This is a cyber accountability story, not just a procurement line item. The public pays defense contractors to handle sensitive work. If the contract says covered defense information must be protected, the accountability record has to show more than a vendor’s own score.

What The Settlement Says

The DOJ release says LOGZONE was accused of knowingly submitting false or fraudulent claims for payment on two Navy contracts even though it had not complied with required cybersecurity controls. DOJ says the contracts involved the Naval Oceanographic Command Property Management Program at Stennis Space Center, Mississippi.

The settlement agreement adds the contract ledger.

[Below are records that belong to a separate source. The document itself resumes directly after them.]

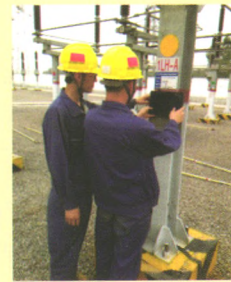
研发智能移动巡检系统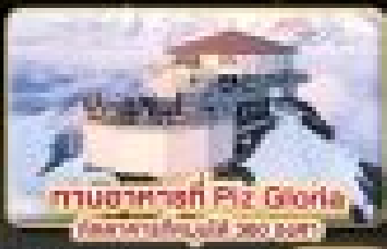
ทิวทัศน์ที่ Piz Gloria (สามารถจองได้ 50,000.-)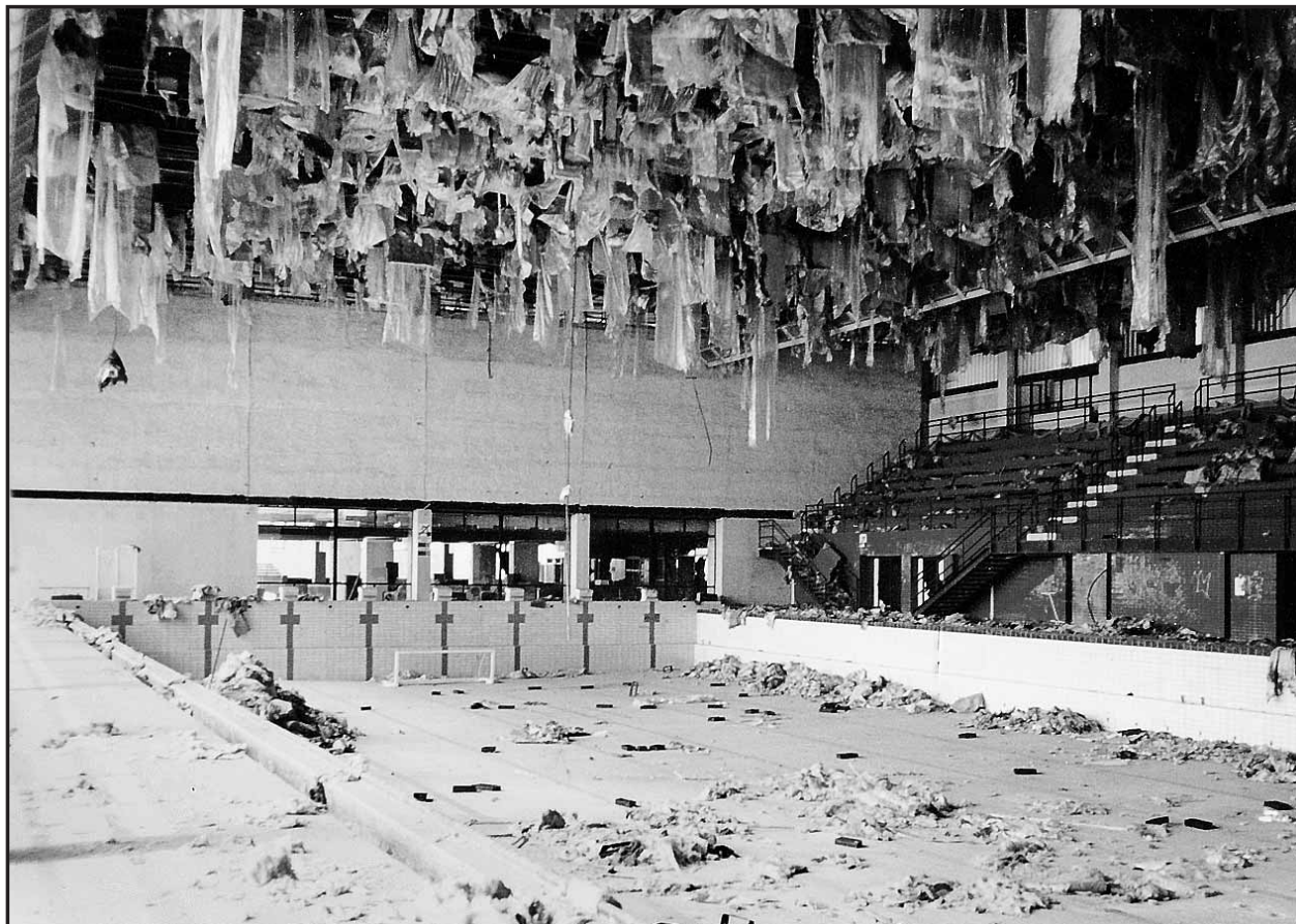
Takýto je pohľad do vnútorných priestorov Kúpeľov Centrál, ktoré sú už viacero rokov devastované. Po rekonštrukcii celého objektu by tu mala vzniknúť moderná nákupná galéria.

„Hotel by mal mať asi 140 izieb a dvomi tunelmi by mal byť prepojený s nákupnou časťou. V objekte bývalých kúpeľov by sa mal nachádzať supermarket a viaceré menšie prevádzky obchodu a služieb. Súčasťou komplexu by mala byť relaxačná zóna poskytujúca možnosti pre športové a relaxačné aktivity.“ Investor si veľa sľubuje predovšetkým od polohy budúcej nákupnej galérie a netají sa zámerom prilákať sem aj renomované firmy, ktoré na Slovensku ešte nie sú etablované. Nezabúda ani na taký dôležitý prvok, akým sú možnosti parkovania. Pod budúcim hotelom by mali byť v podzemí tri podlažia parkovacích plôch, pred objektom ďalšie dve parkovacie podlažia (jedno nadzemné a jedno podzemné). V súčasnosti sa pripravujú podklady na územné konanie. Projektová príprava by mala trvať asi do konca tohto roka a hneď po získaní stavebného povolenia sa investor pustí do práce. Výstavba by mala trvať asi poldruha roka. Skrátka, zakliaty objekt bývalých kúpeľov už v dohľadnom čase zrejme čaká skvelá a zmysluplná budúcnosť. (lau)

It says the Navy awarded LOGZONE one contract on March 30, 2021 for logistical and inventory services and another on November 1, 2022 for facilities support services. The agreement says LOGZONE had been paid $682,193.37 under those NAVOCEANO contracts up to and including a March 8, 2025 invoice.

The agreement says the contracts incorporated DFARS cybersecurity clauses, including 252.204-7012, 252.204-7019, and 252.204-7020. Those clauses are the bridge between the public contract and the security-control receipts: contractors handling covered defense information must protect the systems involved and maintain assessment-score records tied to NIST SP 800-171.

The Score Gap Is The Story

The sharpest fact is the score gap. The settlement agreement says LOGZONE submitted a perfect NIST SP 800-171 self-assessment score of 110 in the Supplier Performance Risk System on October 13, 2021. It then says the Defense Industrial Base Cybersecurity Assessment Center of the Defense Contract Management Agency completed a Medium Assessment on February 2, 2024 that gave LOGZONE a score of -170, near the bottom of the stated -203 to 110 range.

That is exactly why self-attestation cannot be the end of the audit trail. A perfect contractor score and a later deeply negative government assessment are not minor paperwork noise. They raise direct public questions: who relied on the original score, what work continued after the assessment, what data was processed on the affected systems, and what remediation was verified before later invoices were paid?

DOJ says LOGZONE allegedly failed from May 2021 to March 2025 to implement certain NIST SP 800-171 controls that, if missing, could lead to significant exploitation of systems or exfiltration of sensitive defense information. The settlement also says $253,572 of the $507,144 payment is restitution.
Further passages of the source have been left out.